I currently attend a non-denom. slightly charismatic (nothing much though, just belief) church that I wouldn't say is Arminian or Calvinistic, and my pastor once said something positive about Calvinism (cant really remember what it was), and has said that charismatic churches can actually lead down the wrong path to near Gnosticism, and has said that the sinners prayer necessarily won't save you. The people are nice, and its a good church. It probably takes 20 or so minutes to drive too. 

There are not Reformed churches nearby (well, the UCC (if that counts) and a PCUSA). About over 30 minutes away are a PCA and a Reformed Baptist church.

I am sixteen and will be taking drivers ed (mandatory for license) this summer and wonder whether I should:
1) Stay in the Church I am in until the end of High School
2) Go to another one later on
3) Talk to my mother and try to go to another Church now

Once I am out of school I'll attend a church that I agree with more, wherever I go for the military, and if I go for more school, it will be away from this area. 
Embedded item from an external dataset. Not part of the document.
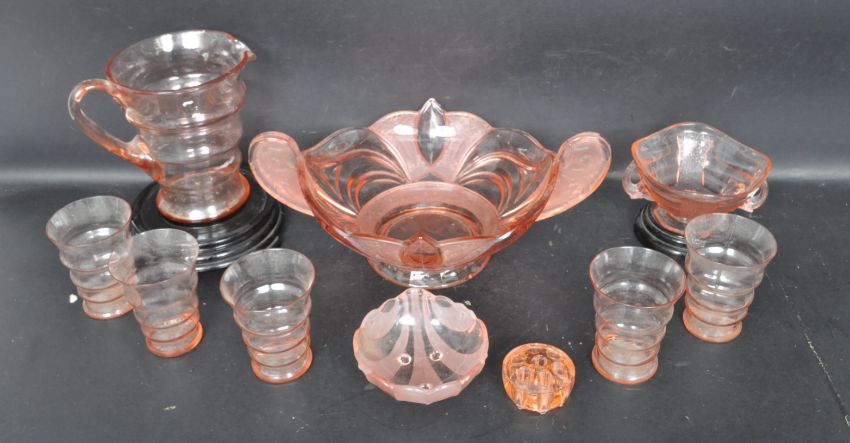 A collection of vintage retro early 20th century Art Deco orange pressed glass. The collection comprising of a lemonade set (jug and five glasses), centre piece bowl having scalloped rim, twin handle with circular foot raised on black glass circular plinth base, smaller orange pressed glass bowl having twin handles in a form of elephant head raised on a hexagonal foot and black glass circular plinth base.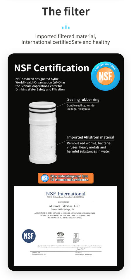 Principe de filtration:Ahlstorm (importé des États-Unis avec approbation NSF)

Any advice? Prayers? Recommendations?


----------



## Jack K (Apr 10, 2011)

Before you start thinking Reformed vs. Arminian, make sure you've eliminated any church that does not hold to a strong view of the authority and truth of the Bible. That will eliminate any UCC I know of and the vast majority of PCUSA congregations, even though their heritage is Reformed.
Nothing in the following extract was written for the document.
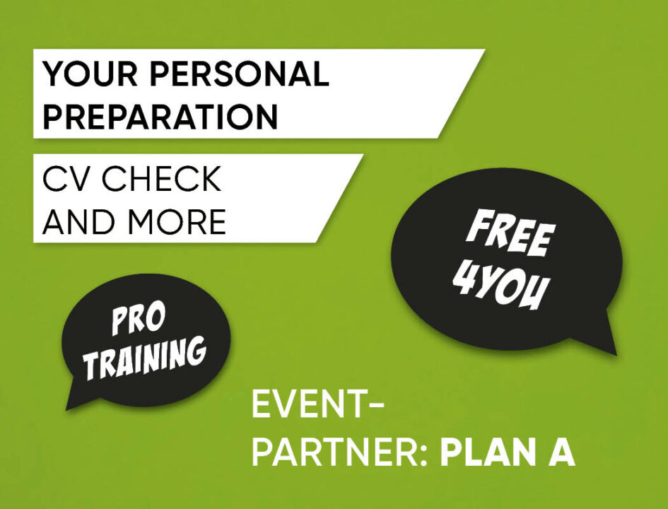 As part of the Job Barbecue, „PLAN A“ offers all participating young people free support in preparing for the Job Barbecue. From resume checks to individual career guidance to comprehensive advice – register for free and be optimally prepared for the big day at the fair.

Beyond that, I'd certainly recommend a Bible-honoring Reformed congregation if you didn't already have a church. But that said, leaving your current church is never something to do lightly just because you're about to have newfound freedom, and especially if you'll be finding a new church again in a few years. So you might be better off staying with your current church. Mostly, I think this sounds like an excellent opportunity for you to have some deep talks with your mother about your faith, your current church, what you find right about Reformed churches, and so on. Share honestly, then listen carefully and respectfully to her suggestions for you, since she surely cares for you and will have some good wisdom even if her choice of church is not what yours would be.


----------



## Joseph Scibbe (Apr 10, 2011)

My advice would be to stay with your current church. There is no need to cause unnecessary division amongst your family over whether you are going to a "calvinist" church. If the church offers good preaching and good fellowship then I say stay.


----------



## Rufus (Apr 11, 2011)

> Before you start thinking Reformed vs. Arminian, make sure you've eliminated any church that does not hold to a strong view of the authority and truth of the Bible. That will eliminate any UCC I know of and the vast majority of PCUSA congregations, even though their heritage is Reformed.


Already done, no intentions of visiting a theologically liberal church.



> My advice would be to stay with your current church. There is no need to cause unnecessary division amongst your family over whether you are going to a "calvinist" church. If the church offers good preaching and good fellowship then I say stay.



Its actually just my mom and I (usually, my Dad is overseas and my sister doesn't care). But it does offer good preaching and fellowship.

I guess unless its a major reason to leave I won't, especially as Jack said, I'd be finding a new church again a few years from now anyways.


----------